This morning my son asked me “how do I tell you something without sounding like I’m telling tales?” This is a good question. Here is my answer:
- If you are telling me something you think I want to know about – then that is not telling tales, that is just giving mummy the information.
- If you want me to fix the other person – to tell them off – to tell them what to do – then that is telling tales. It is all about your heart – what do you want for the other person. Do you want them to get into trouble? Do you want them to be corrected? Instead is there something you can do to encourage that person to do the right thing without coming to mummy? That would be loving your brother, sister,or friend instead of telling tales.
- If you are in a situation, a conflict, and you don’t know what to do, or how to do the right thing, then you can come to mummy and ask, “Mummy, can I have your help please?

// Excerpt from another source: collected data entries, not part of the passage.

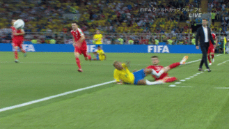W杯サッカーの激しいぶつかりにより、選手が吹き飛ばされる
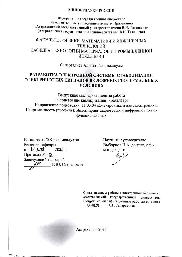 Выборнов Н.А., кандидат физико-математических наук, доцент
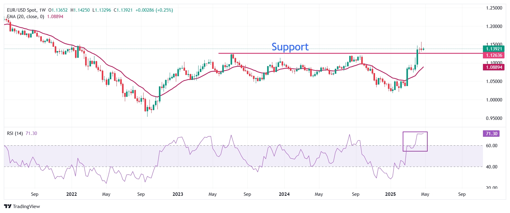 在周二的欧洲交易时段,欧元/美元在1.1400附近下跌。前景显示,主要货币对仍然看涨,因为20周指数移动平均线(EMA)在1.0890附近呈上升趋势。
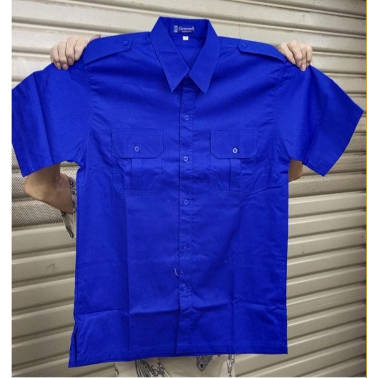 Kemeja PDH Polos Biru Seragam PDH Polos Biru Lengan Pendek Pria
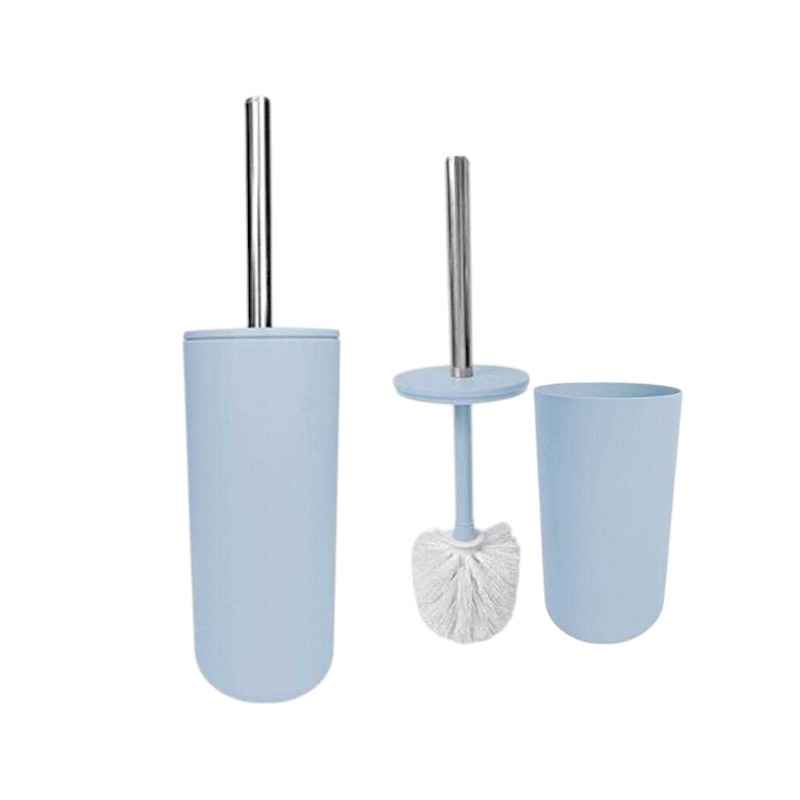 Pratico scopino per WC in plastica resistente con setole fitte e manico ergonomico per una pulizia facile ed efficace. Colore moderno azzurro chiaro che si adatta a ogni bagno.
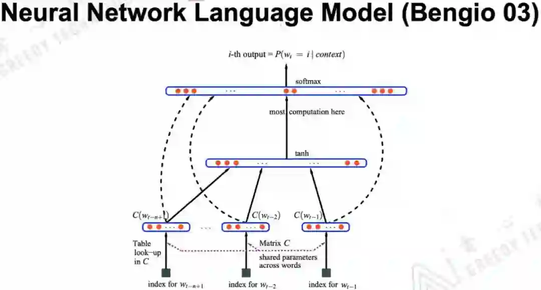 Neural Network Language Model根据之前的单词预测最新的一个单词,这里没有中心词的概念,只通过之前两三个单词来预测后面的一个单词。
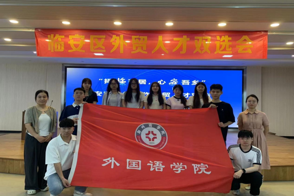 接着,“择临而安,心安吾乡”临安区区校合作外贸人才双选会正式启动。杭州市临安区人社局副局长陈继宏致辞,他从临安区的基本概况、人才政策、及区校合作事宜等介绍了临安区的情况。他希望今后双方能够进一步丰富合作内容、拓展合作形式,有效促进人才流动与资源配置,真正让双方合作落地生根、开花结果!接下来,我校代表卢学敏老师发言,卢老师表示学校将进一步畅通信息沟通渠道,紧密围绕地方产业发展需求,进一步加强人才交流,促进区校双向赋能、共同发展。
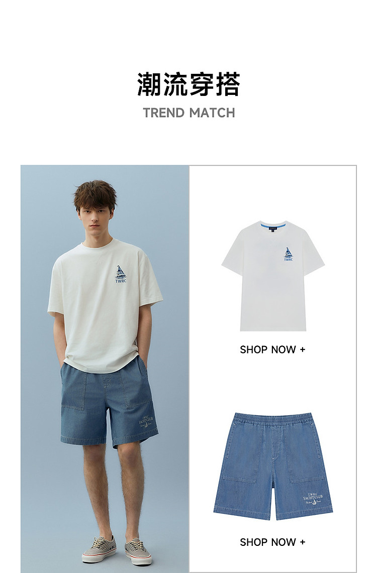 商品名称:小熊男装休闲简约时尚潮流牛仔短裤夏季直筒宽松美式五分裤子 378497
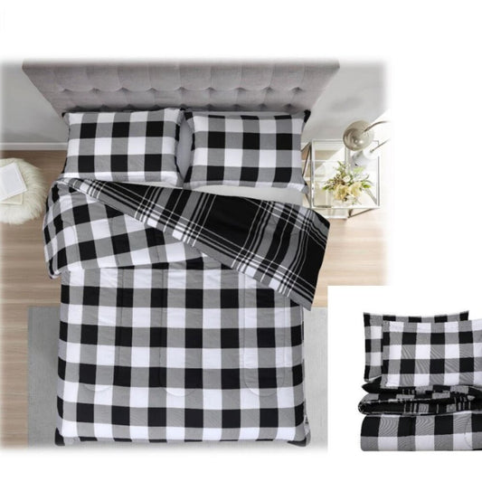 3-Piece Buffalo Plaid Reversible Comforter Set
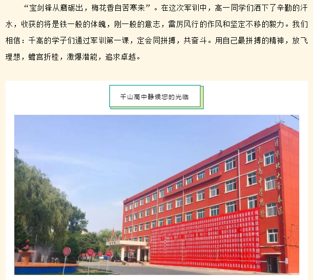 鞍山市千山高级中学 激爆潜能 追求卓越 低进高出 优进精出
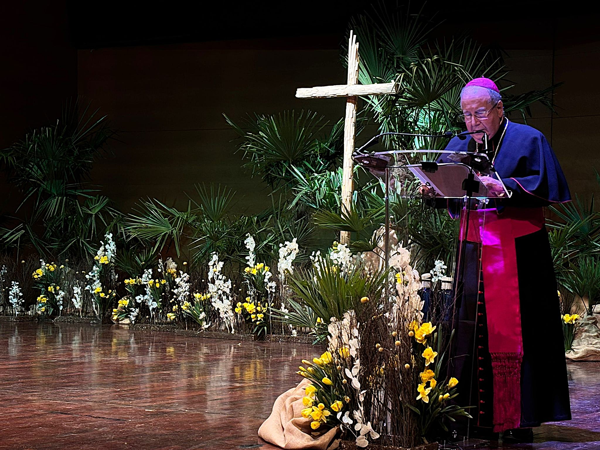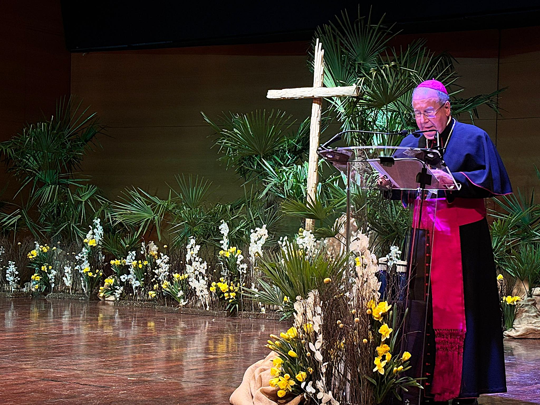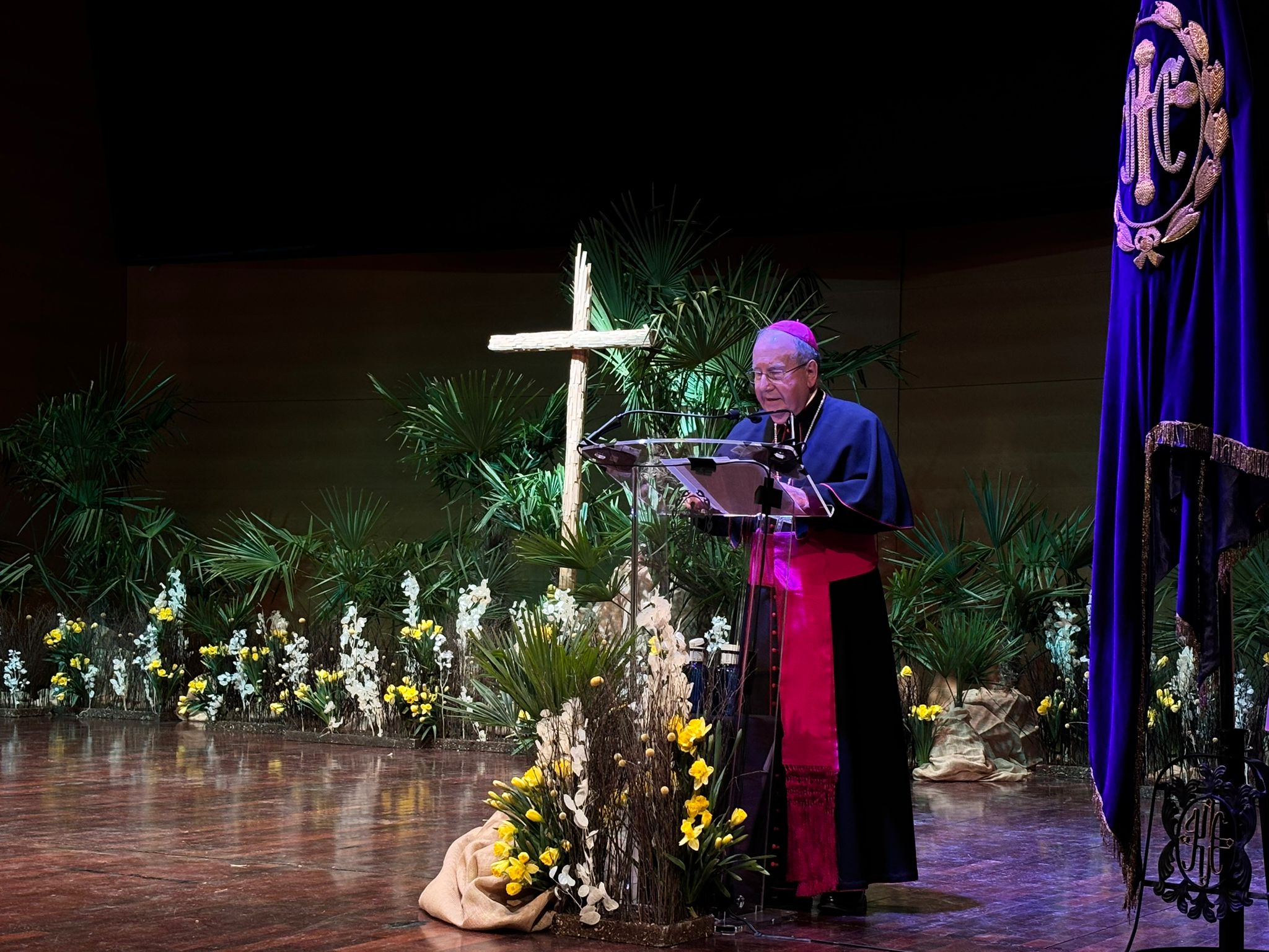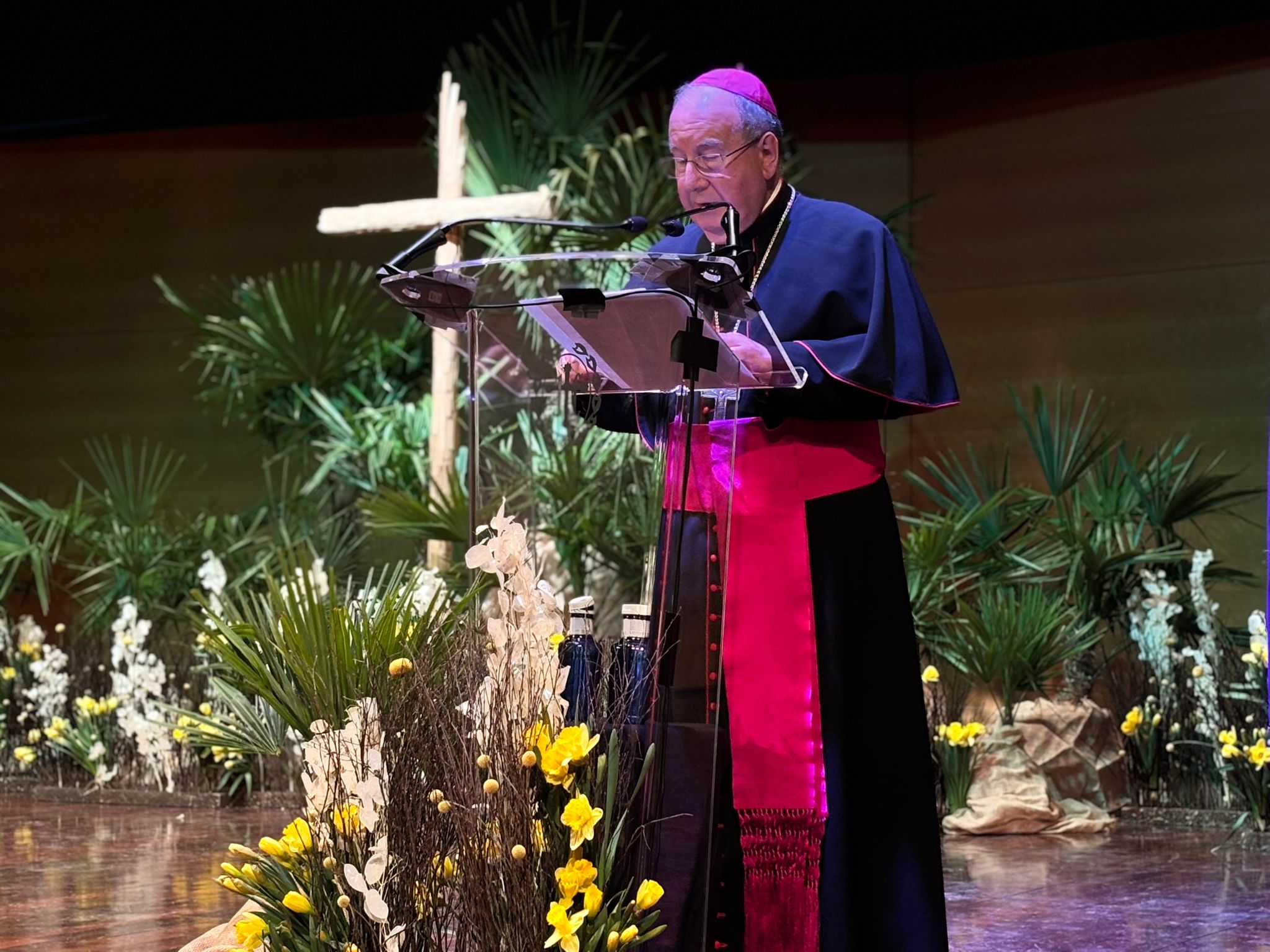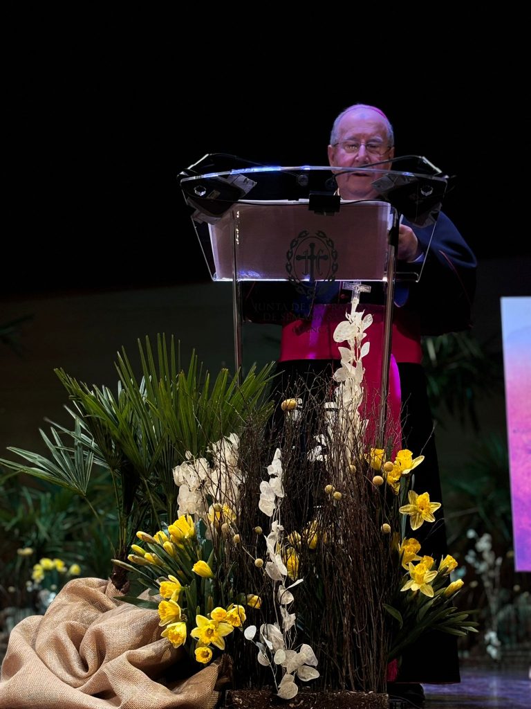 Sobre la procesión penitencial de la Vera Cruz, el obispo la ha calificado como una “celebración esencial, sin adornos” y ha compartido sus pensamientos en torno a esa imagen del Crucificado, que desfila “con la mirada apagada” y las Siete Palabras del sermón que articula esta procesión. referencias a las palabras que se pronuncian en el recorrido. En sus palabras se ha acordado de los jóvenes “rotos por la droga y la pornografia”, de los hijos “muertos por las armas” y los hombres y mujeres “humillados en su dignidad”

This is happening (explain the situation) and I don’t know what to do, can you help me?” When you ask like this, I can see that your heart is focused on your issues, not on the other person. I will be able to help you do the right thing – I won’t correct the other person though. This is not telling tales.
He understood and proceeded to tell me some information about something that was going on in the house – it wasn’t telling tales, it was simply bringing me up to speed. He had no meanness in his heart. He was communicating a concern. We need to help our children not only do the right thing but understand their hearts.
Amen Belinda! I spent some time talking to my children about their motive for ‘wanting to tell’. We went over various scenario’s and the came to see what I meant. The THINK principle, along with biblical principles and assessing our own motive are all things to consider before telling tales or telling truths.
Society often puts an unbalanced view pon telling tales… I wanted to balance that in our family.